Dear Faithful Followers of this Blog,
Are you still out there? Have you gone away? I hope I didn’t worry you too much. I hope I didn’t scare you with this jippity jumpity blog post. I know I was a little all over the place. I told Woody I had not written in 3 days. He asked how that made me feel. I told him anxious. Very anxious. I’ve had too many things going on in my head to keep them cooped up for that long. When I release them, it’s like a flood of words, feelings, thoughts, all discombobulated. All wild and free which is just where I need to be because , All good things are wild and free, right? I so believe this to the core of my soul. Of the core to Ronan’s soul. My other favorite quote, “Life’s no way to treat an animal.” Vonnegut knows it better than anyone. I so appreciate that. I so appreciate all you. Forgive my lack of communication as far as messages, emails, Facebook’s…… I’ve taken on a lot. Emotionally, Physically, Mentally…. I feel like I’m drowning again. Dr. J is going to print out little flyers for me that simply say, “FUCK OFF! MY KID JUST DIED! SO NO, I WON”T DO THAT!” Brilliant woman she is.

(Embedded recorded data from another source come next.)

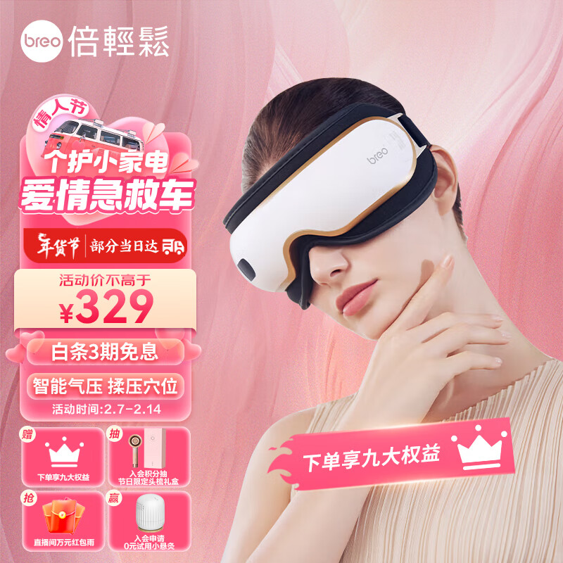 倍轻松(breo)眼部按摩仪iSee 3J护眼仪 眼部按摩器 按摩眼罩 热敷气压 情人节新年生日礼物 易烊千玺代言价格:359.00元!
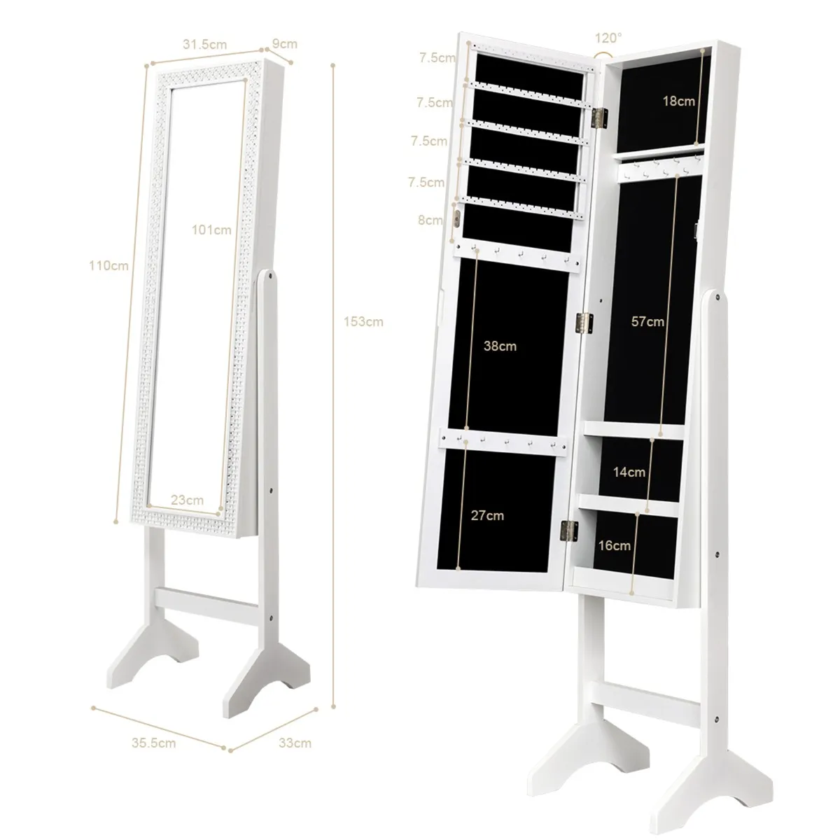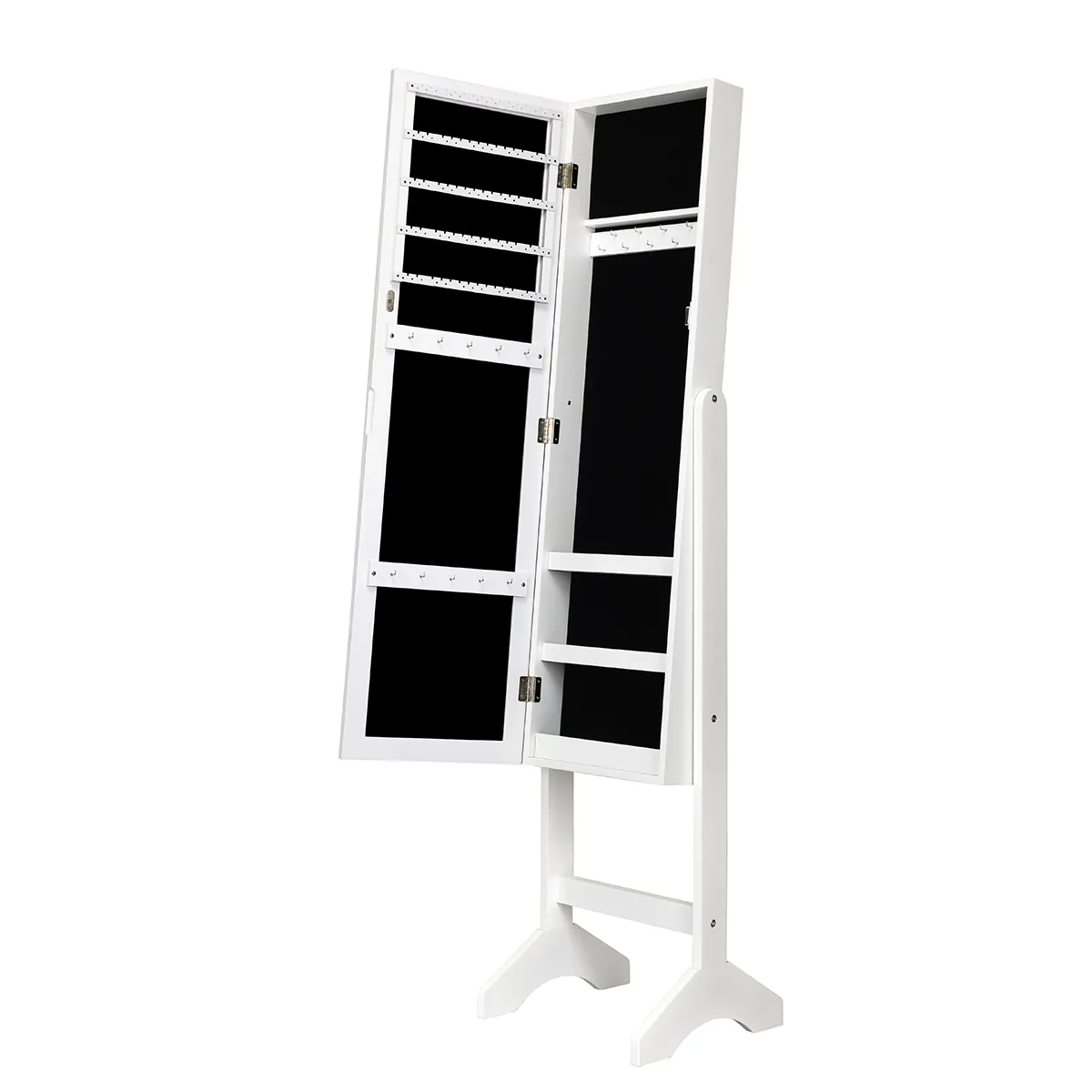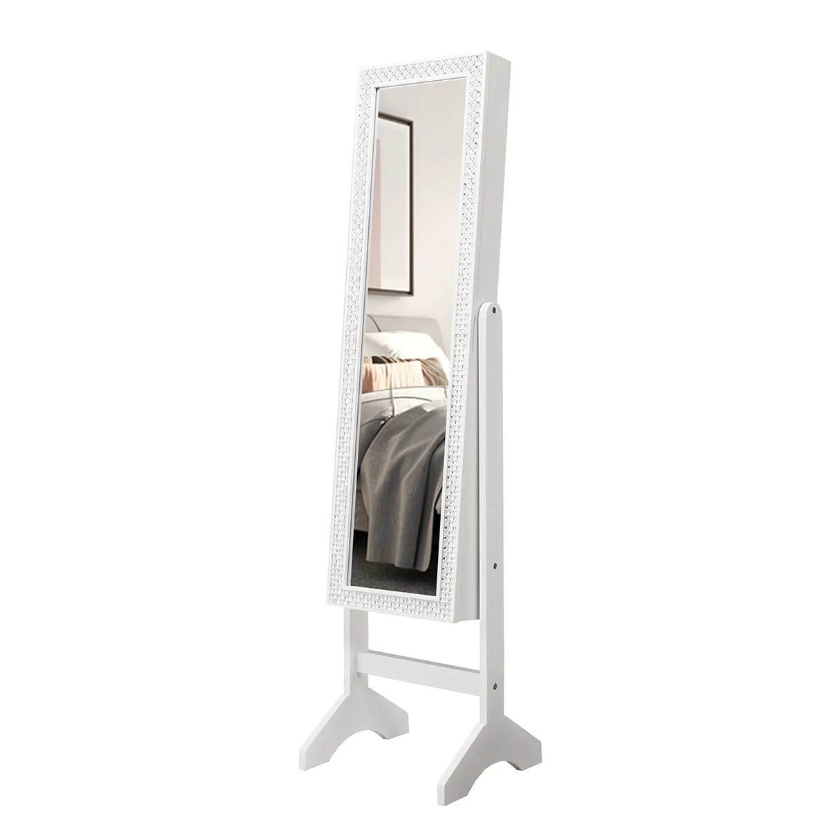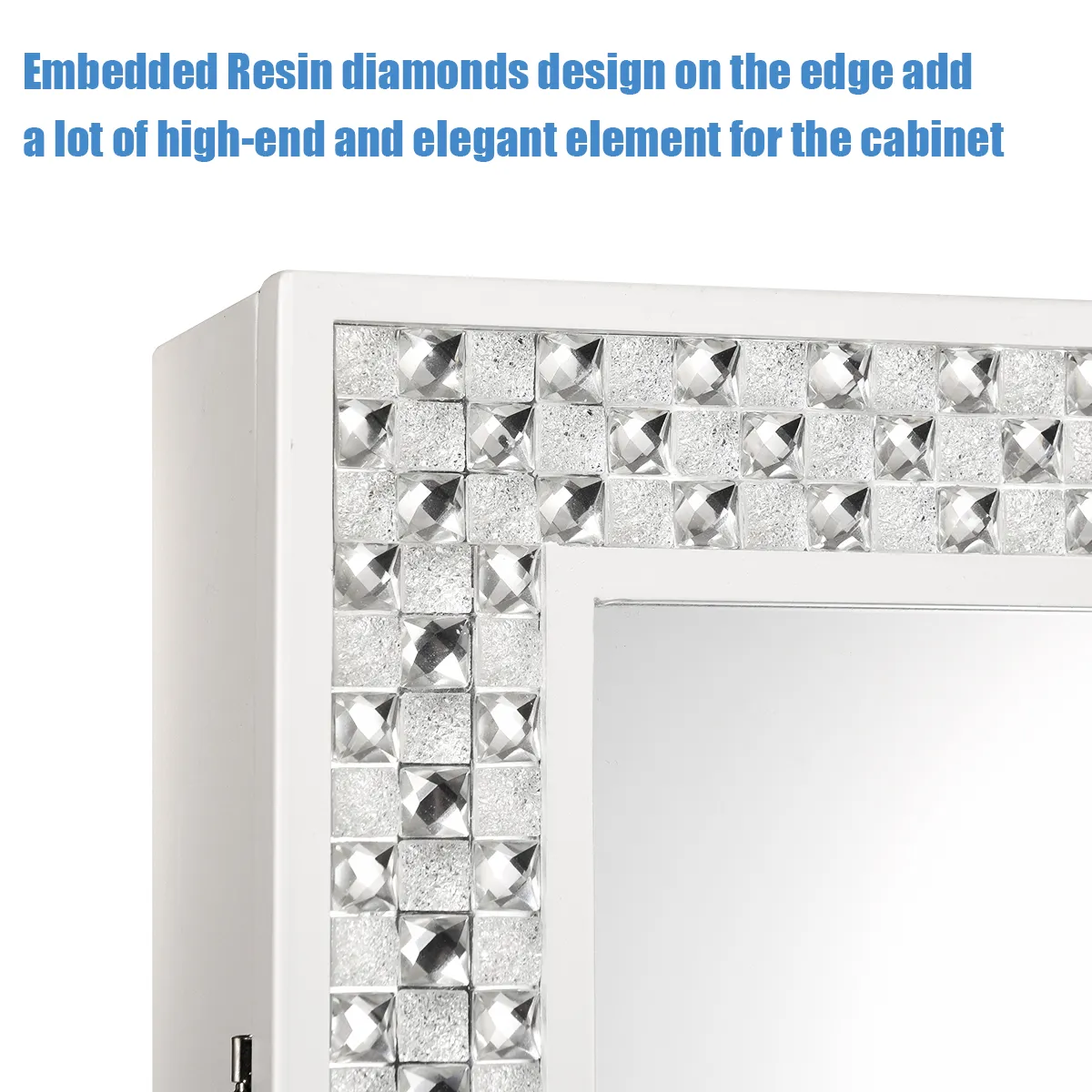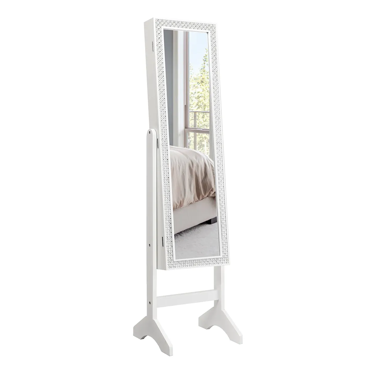 Gebouwd met superieur houten materiaal en bekleed met fluweel binnen, zal dit kastje uw favoriete collecties een gezellig thuis bieden. Er zijn zo veel ringen slots, ketting haken dat het u tijden zal duren om het te vullen. Na het uitzoeken van de dagelijkse sieraden, sluit u de deur zachtjes en de deurhouder zal helpen om het gesloten te houden. Met een doorzichtige spiegel over de hele lengte op de deur, geeft het u een hoofd-tot-teen zicht, wat perfect is voor de dagelijkse make-up routine. Rond de vier zijden van de spiegel, zijn er glinsterende hars diamanten waardoor deze sieraden kast kijken meer oogverblindend.
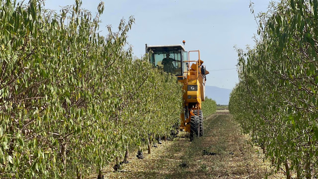 Δείτε πως γίνεται η μηχανική συγκομιδή αμυγδαλιάς πυκνής φύτευσης και η διαδικασία αποφλοίωσης των αμυγδάλων:
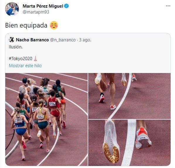 Pasamos conMarta Pérez, otra atleta que dice presente por primera vez dentro de la cita olímpica y donde buscará batallar para obtener un diploma o, por qué no, soñar con el podio. Su arribo a esta instancia se produjo por salir séptima en la primera ronda y luego quinta en la segunda serie por las semifinales, con el cual estampó su mejor marca personal de4m:01s.69.
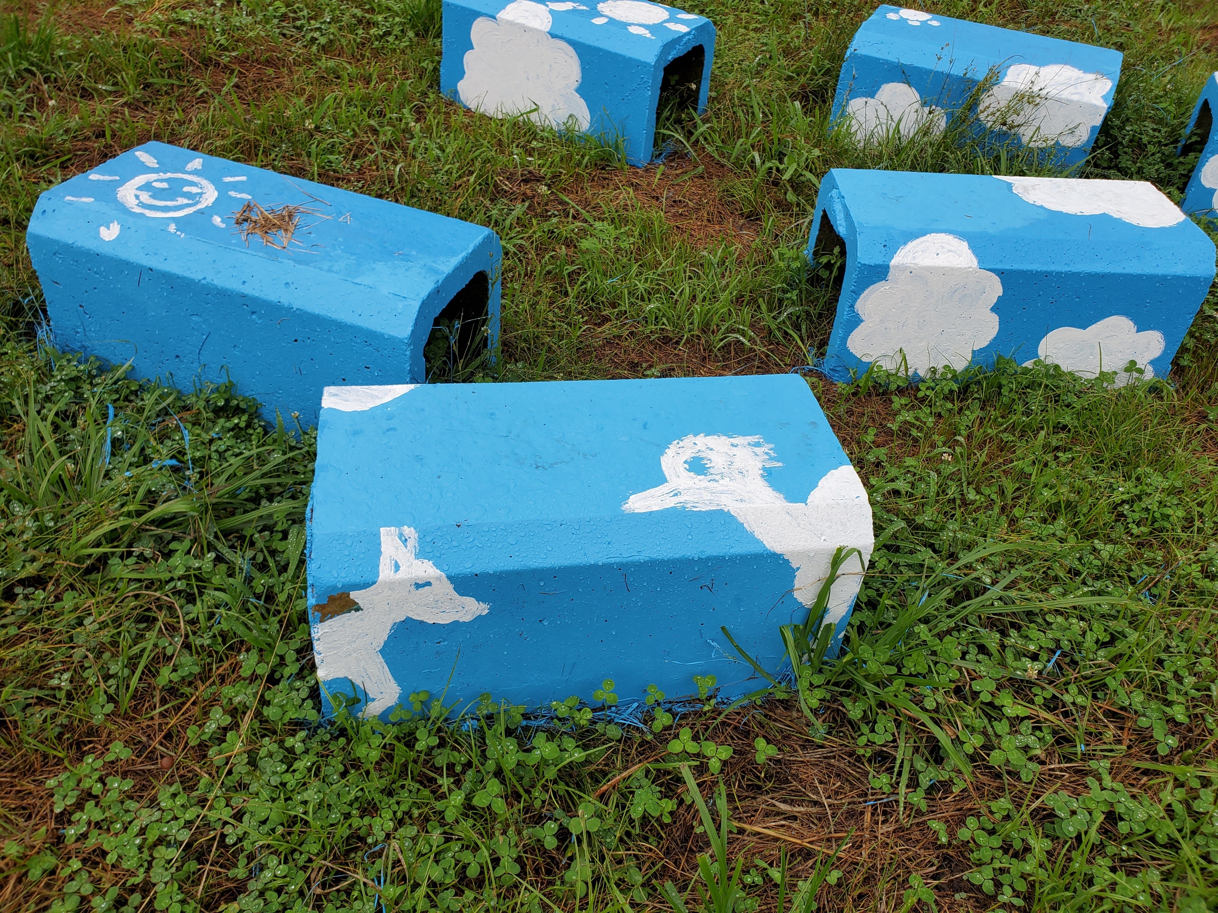 前回の活動報告でダチョウのサマンサやポニーたちを是非お近くで見てくださいとお伝えしていましたので、先日腰をかけてご覧頂けるようにブロックに空の絵をペイントしました。
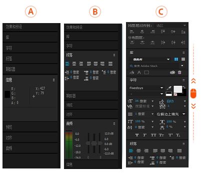 在堆叠面板组中,面板将最小化为选项卡并垂直堆叠。如果单击面板选项卡,面板则会展开。
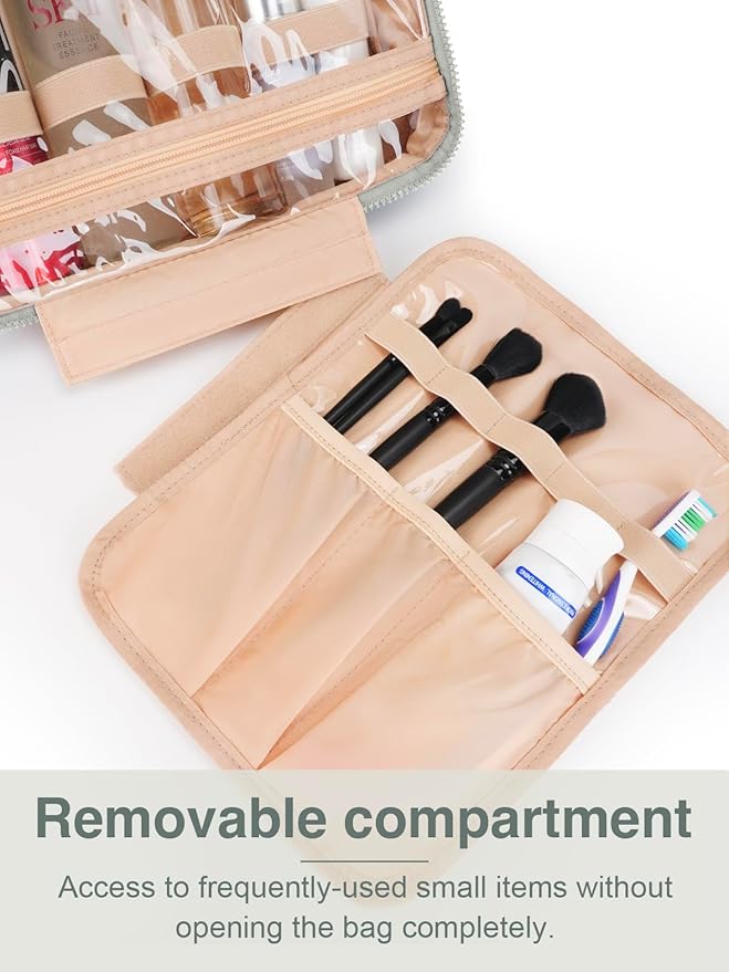 - Easy Access & Travel Friendly: Equipped with a 360° rotating metal hook, it offers multiple hanging options in any bathroom or closet. Transparent pockets provide a clear view of your items, no digging around. The detachable bottom pouch adds flexibility and can be used on its own. A trolley belt on the back makes hands free, no need to worry about traveling with smaller size suitcase.
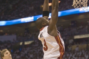 2005-06赛季季后赛,韦德为热火队出场23次,场均41.7分钟,得到28.4分5.9篮板5.7助攻1.1封盖2.2抢断,命中率49.7%,三分命中率37.8%,罚球命中率80.8%。(该赛季季后赛打到总决赛并夺冠)
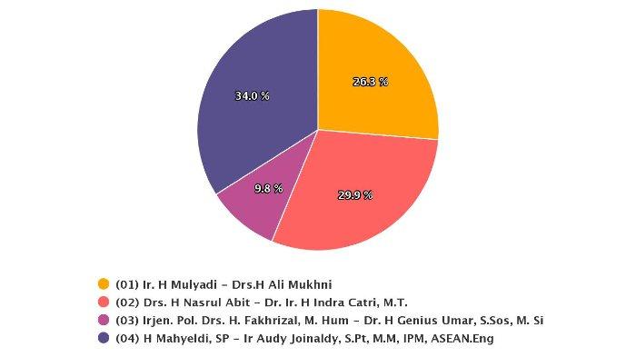 Mahyeldi-Audy Joinaldy yang diusung PKS dan PPP, saat ini mempimpin perolehan suara, dengan mengantongi 342.023 suara atau 34,0 persen suara masuk.
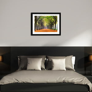 This canvas art captures a serene tree-lined path in Amsterdam, surrounded by vibrant autumn leaves. Peaceful and tranquil, it invites you to savor the warm hues of green, yellow, and orange, making it a lovely addition to your wall decor.
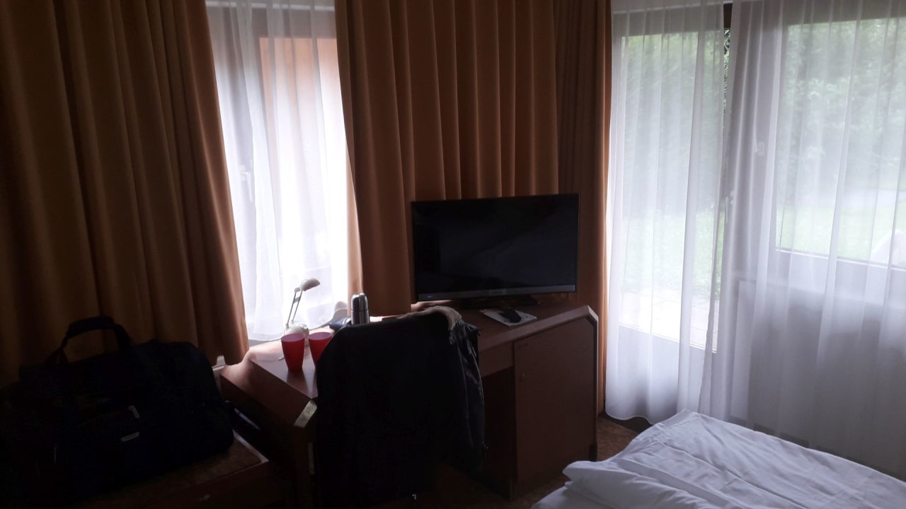 ZimmerTV mit üblichen Programmen. Raum nahezu komplett verdunkelbar. Kleine Terrasse mit zwei Stühlen und einem Tisch. Mehfachsteckdosenleisten.
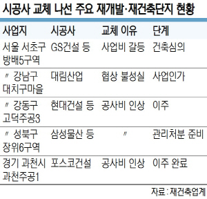 지난 11일에는 강남구 대치동 구마을 제2지구재건축단지조합이 재건축시공권을 대림산업에서 롯데건설로 교체했다. 지난 1월에는 조합원 이주까지 마친 경기 과천시 중앙동 주공1단지 재건축조합이 기존 시공사인 포스코건설과의 시공 계약을 해지했다.

If you have not heard from me this week, it’s not because I’m ignoring you. It’s because I honestly have so many emails, that I am scared to open them all up. I am going designate a day, to do this and go through them all, properly. Thank you for sending them. I can’t wait to read them. I’m sure there is much amazingness to come from them. So THANKYOUTHANKYOUTHANKYOU!!!!
Less is more. Busy is o.k. but not busy the way I have been busy. Ronan. You should see our laundry room. The one that is always perfectly spotless as Im always caught up on the laundry. I have piles of clean clothes, everywhere back there. Spilling out of the baskets, the sink, on top of the dryer. Obviously you know I’ve been way too busy if this is happening. I’m a laundry freak and obsess over it. Not this week. Apparently this week the our little laundry fairy (me) decided not to show up. We will have to dock her pay!
YOWZWER RO! It’s a novel tonight! Time to say G’night my little Boo. I love you. Your Daddy loves you. Your brothers love you. We all miss you. We are all hurting over you. We will hurt over you for the rest of our lives. But lives that you are going to shape for us to live, so we can live with the most potential possible. Because to live any other way would be pointless and shameful.
I love you, RO. I love you to the moon and back. Just me and you, Baby. Twinkle Twinkle Little Star. I hope you are safe. You are so very loved.